● **Extracted data**:
Content starts
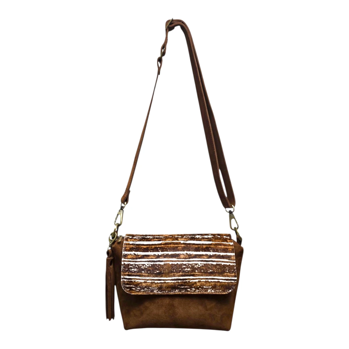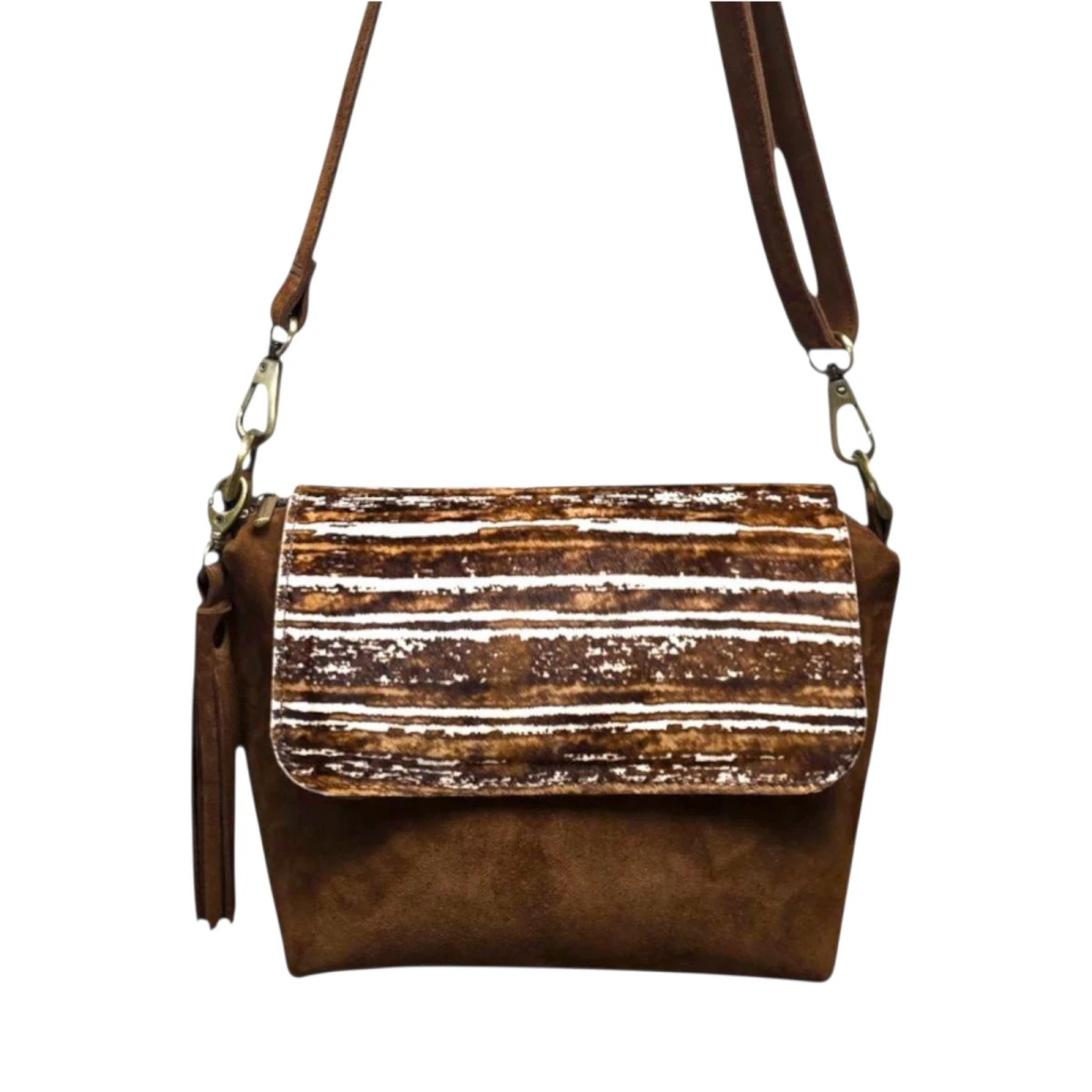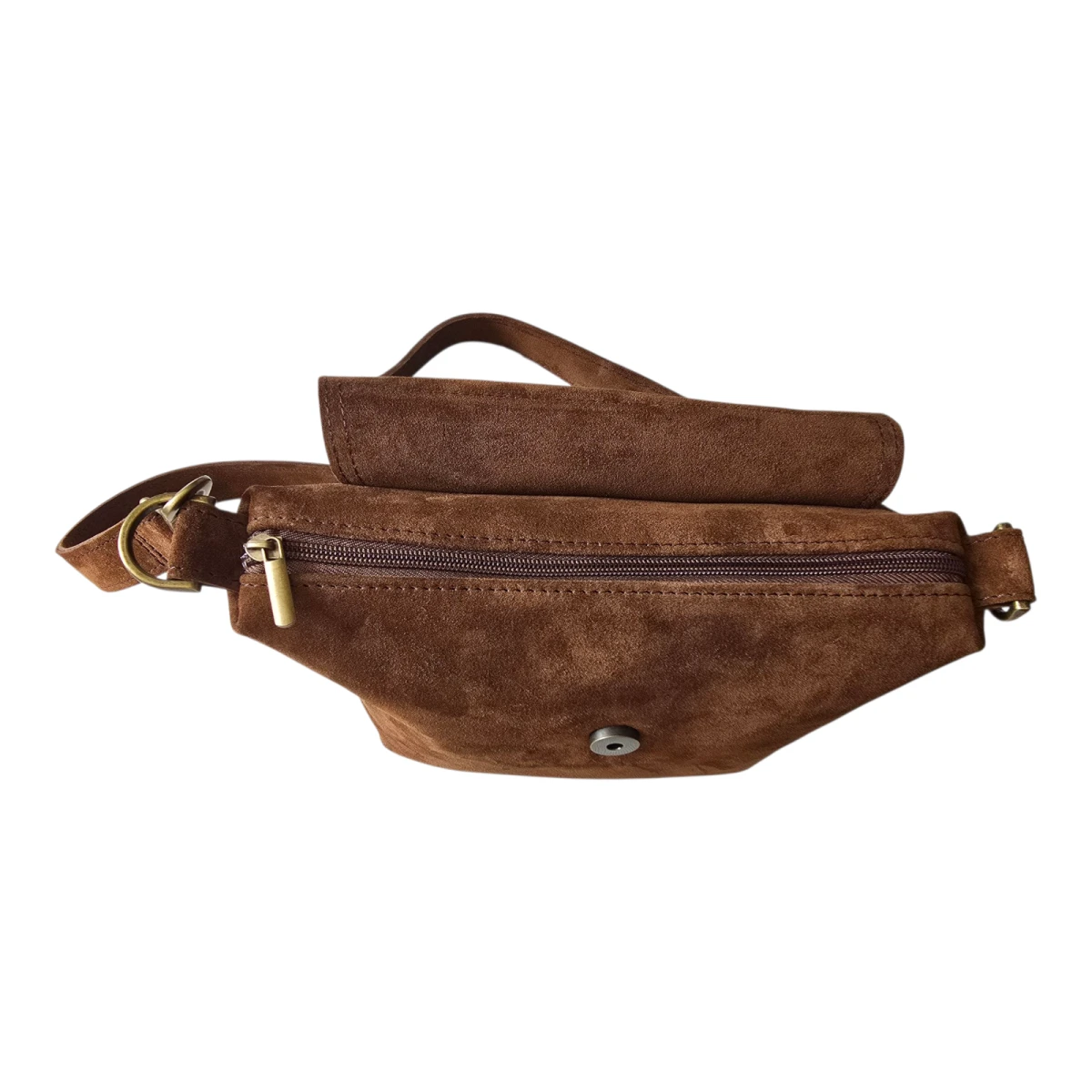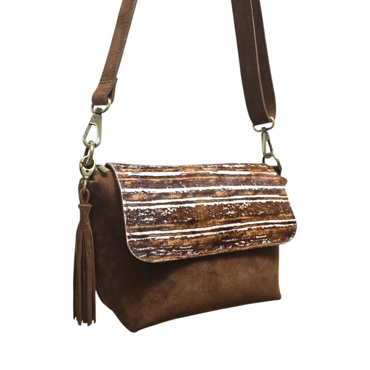 Uszyta z naturalnej skóry zamszowej w kolorze tobacco. Wyjątkowości dodaje klapka wykończona skórą z delikatnym włosem.
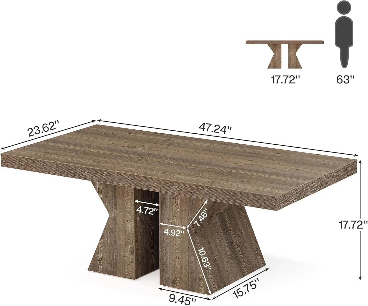 - Striking Design: Our table features a rectangular tabletop resting on a thick wooden base with balanced symmetry, showcasing a blend of simplicity and style. Its streamlined silhouette fits beautifully amidst any living room setting.
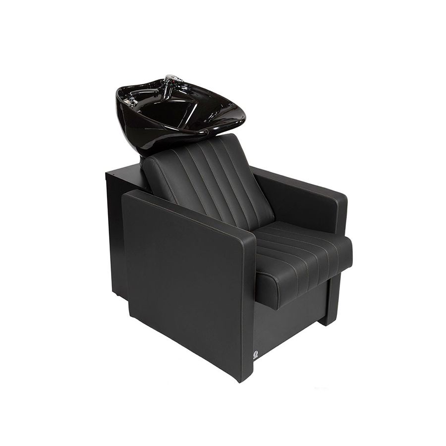 Se trata de un Lavacabezas individual de diseño elegante, que dispone de unos prácticos y elegantes reposabrazos lineales, e incorpora una pica de cerámica basculante en color a elegir (blanco o negro), que se adapta a la nuca aportando una agradable sensación de relax. El sillón del Lavacabezas dispone un elegante diseño de lineas cuadradas, con tapizado en polipiel de PVC color negro retardante al fuego de gran calidad, espuma fabricada en alta densidad para una rápida recuperación a su estado inicial, y gran resistencia, y se adapta perfectamente al cuerpo de la persona, otorgándole un máximo confort. Además, el Lavacabezas dispone de encimera de aluminio, con un cómodo y práctico espacio trasero para almacenar utensilios.
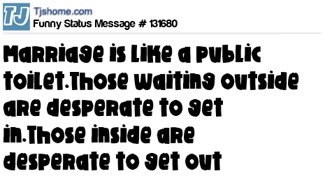 - # 139224 Marriage is like a public toilet. Those waiting outside are desperate to get in. Those inside are desperate to get out.
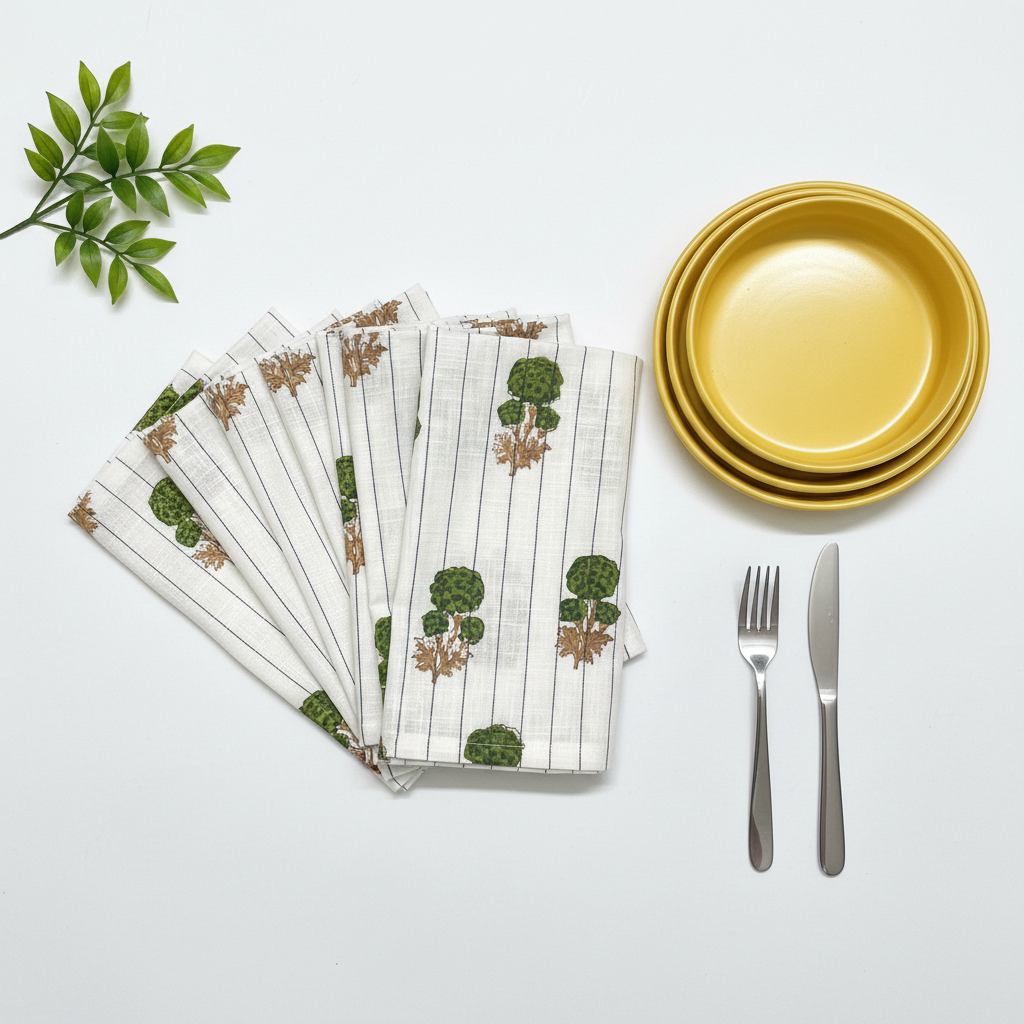 Linen Dinner Napkin Set includes four hand block printed napkins in green on soft white fabric with very thin blue stripes detail. Carefully crafted with attention to detail, these napkins bring a perfect balance of timeless elegance and sustainable craftsmanship to any table. Their refined design makes them suitable for both everyday dining and special occasions.
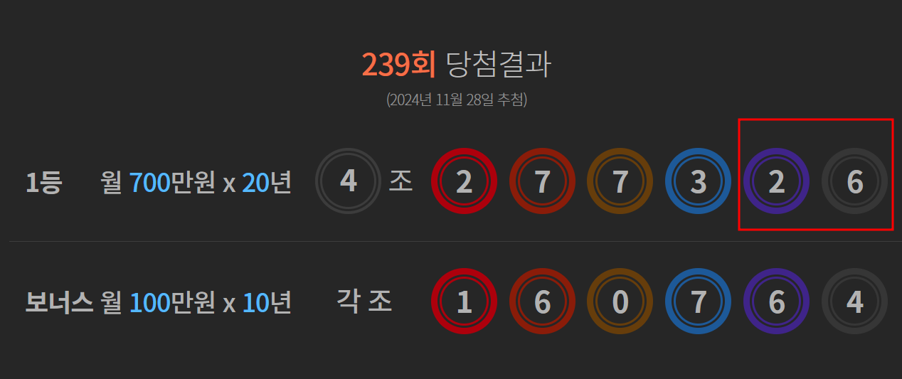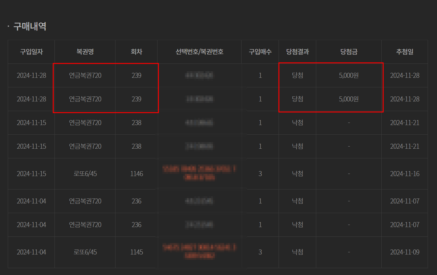 최근에 거의다 낙첨이였다가 11/28일 2장 구매했던 연금복권 모두 5천원권에 당첨이 되었네요 ㅎㅎ
Content ends
● **Task statement**: Retype only the lines that run from the first line of the entries above to the line containing "- # 139224 Marriage", both included. Do not carry over any pictures.

● **Exercise solution**:
 Uszyta z naturalnej skóry zamszowej w kolorze tobacco. Wyjątkowości dodaje klapka wykończona skórą z delikatnym włosem.
 - Striking Design: Our table features a rectangular tabletop resting on a thick wooden base with balanced symmetry, showcasing a blend of simplicity and style. Its streamlined silhouette fits beautifully amidst any living room setting.
 Se trata de un Lavacabezas individual de diseño elegante, que dispone de unos prácticos y elegantes reposabrazos lineales, e incorpora una pica de cerámica basculante en color a elegir (blanco o negro), que se adapta a la nuca aportando una agradable sensación de relax. El sillón del Lavacabezas dispone un elegante diseño de lineas cuadradas, con tapizado en polipiel de PVC color negro retardante al fuego de gran calidad, espuma fabricada en alta densidad para una rápida recuperación a su estado inicial, y gran resistencia, y se adapta perfectamente al cuerpo de la persona, otorgándole un máximo confort. Además, el Lavacabezas dispone de encimera de aluminio, con un cómodo y práctico espacio trasero para almacenar utensilios.
 - # 139224 Marriage is like a public toilet. Those waiting outside are desperate to get in. Those inside are desperate to get out.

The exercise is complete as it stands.